RECORDED DATA:
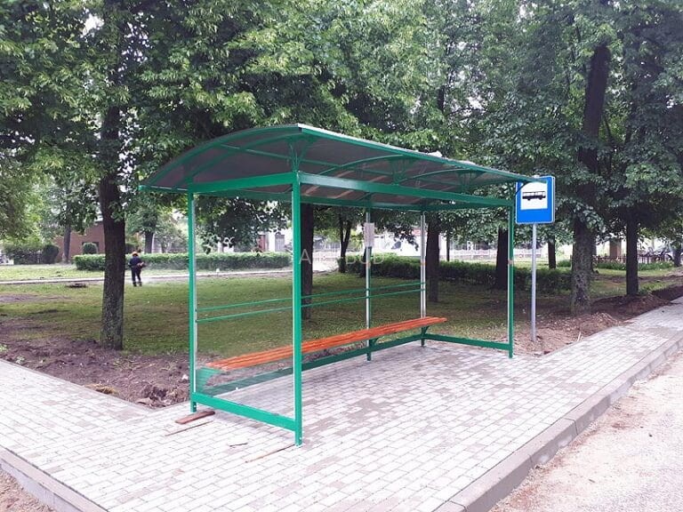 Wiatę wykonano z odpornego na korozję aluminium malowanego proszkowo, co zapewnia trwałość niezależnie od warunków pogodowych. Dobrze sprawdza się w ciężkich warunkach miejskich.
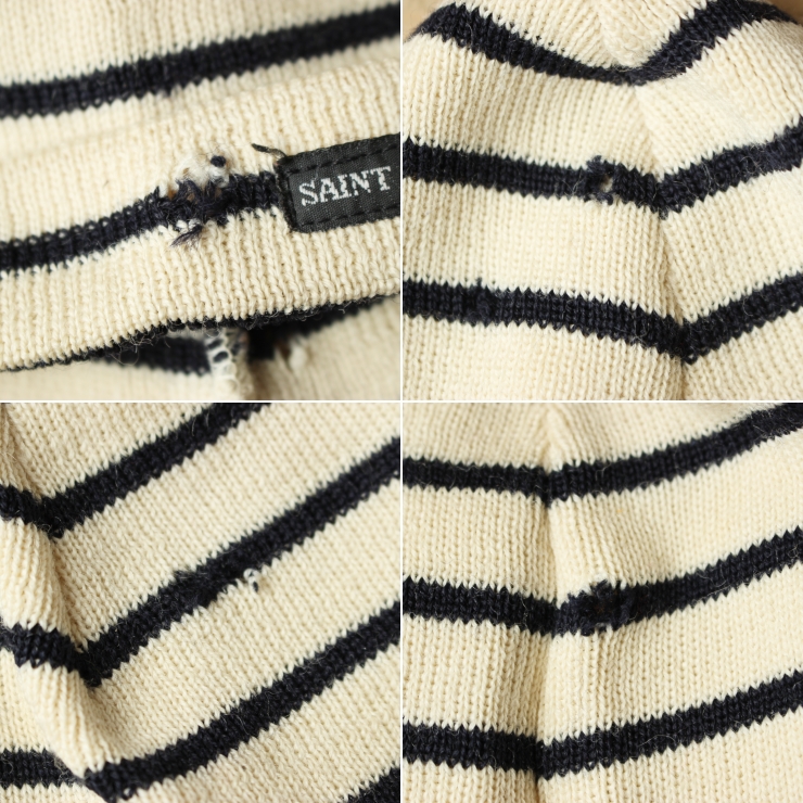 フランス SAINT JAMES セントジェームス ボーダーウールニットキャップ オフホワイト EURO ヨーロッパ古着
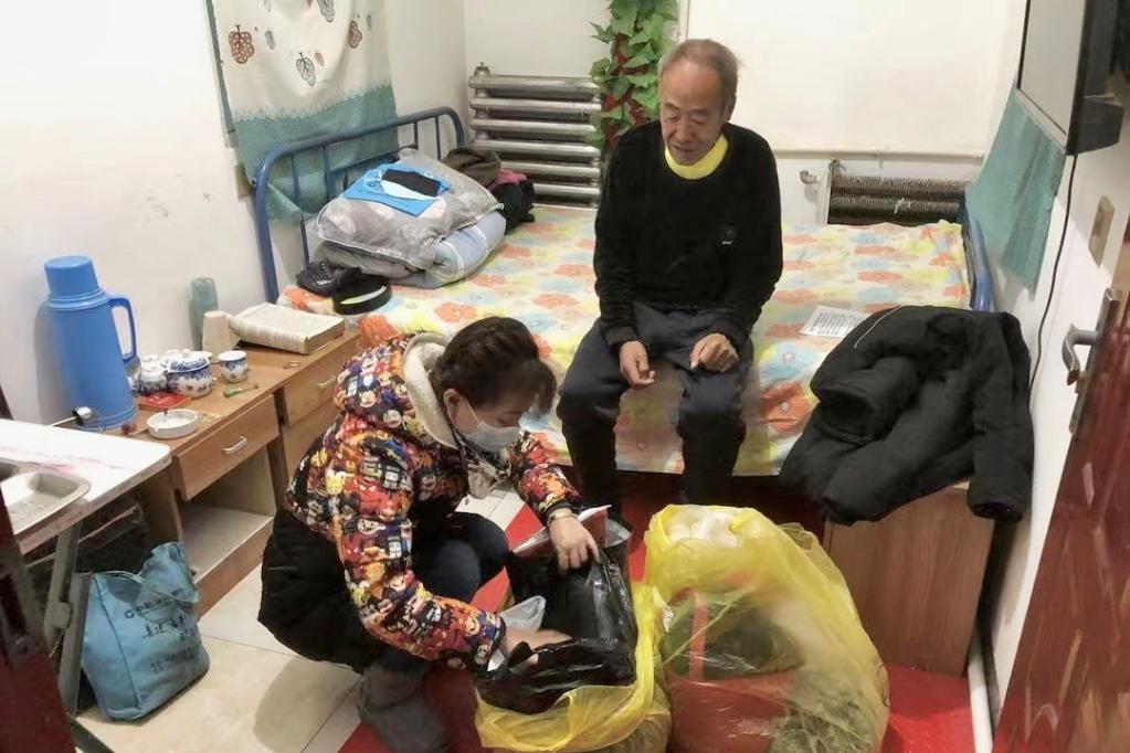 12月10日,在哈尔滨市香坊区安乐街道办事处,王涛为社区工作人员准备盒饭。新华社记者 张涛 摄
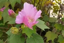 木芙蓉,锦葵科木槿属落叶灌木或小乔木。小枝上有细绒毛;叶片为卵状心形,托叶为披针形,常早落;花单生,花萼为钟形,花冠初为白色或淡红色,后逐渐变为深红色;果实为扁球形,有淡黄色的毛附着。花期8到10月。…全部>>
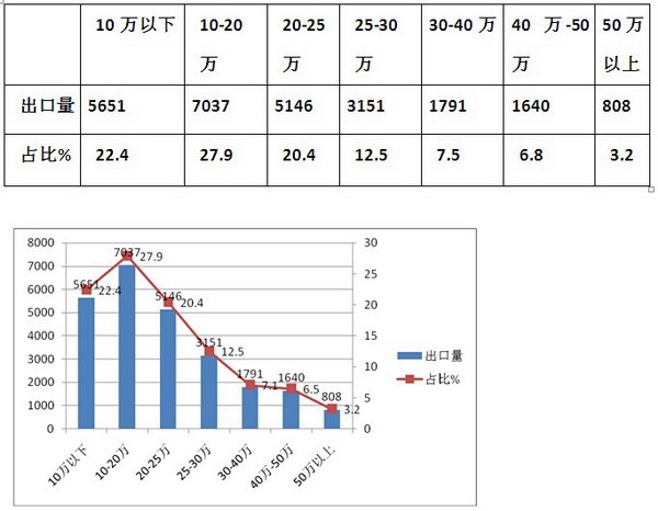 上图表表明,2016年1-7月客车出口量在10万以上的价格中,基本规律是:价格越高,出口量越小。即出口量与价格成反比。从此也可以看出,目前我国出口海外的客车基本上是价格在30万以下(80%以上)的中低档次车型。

WORK TO BE COMPLETED:
Give back the data verbatim. The pictures are not part of the copy.

EXPECTED OUTPUT:
 Wiatę wykonano z odpornego na korozję aluminium malowanego proszkowo, co zapewnia trwałość niezależnie od warunków pogodowych. Dobrze sprawdza się w ciężkich warunkach miejskich.
 フランス SAINT JAMES セントジェームス ボーダーウールニットキャップ オフホワイト EURO ヨーロッパ古着
 12月10日,在哈尔滨市香坊区安乐街道办事处,王涛为社区工作人员准备盒饭。新华社记者 张涛 摄
 木芙蓉,锦葵科木槿属落叶灌木或小乔木。小枝上有细绒毛;叶片为卵状心形,托叶为披针形,常早落;花单生,花萼为钟形,花冠初为白色或淡红色,后逐渐变为深红色;果实为扁球形,有淡黄色的毛附着。花期8到10月。…全部>>
 上图表表明,2016年1-7月客车出口量在10万以上的价格中,基本规律是:价格越高,出口量越小。即出口量与价格成反比。从此也可以看出,目前我国出口海外的客车基本上是价格在30万以下(80%以上)的中低档次车型。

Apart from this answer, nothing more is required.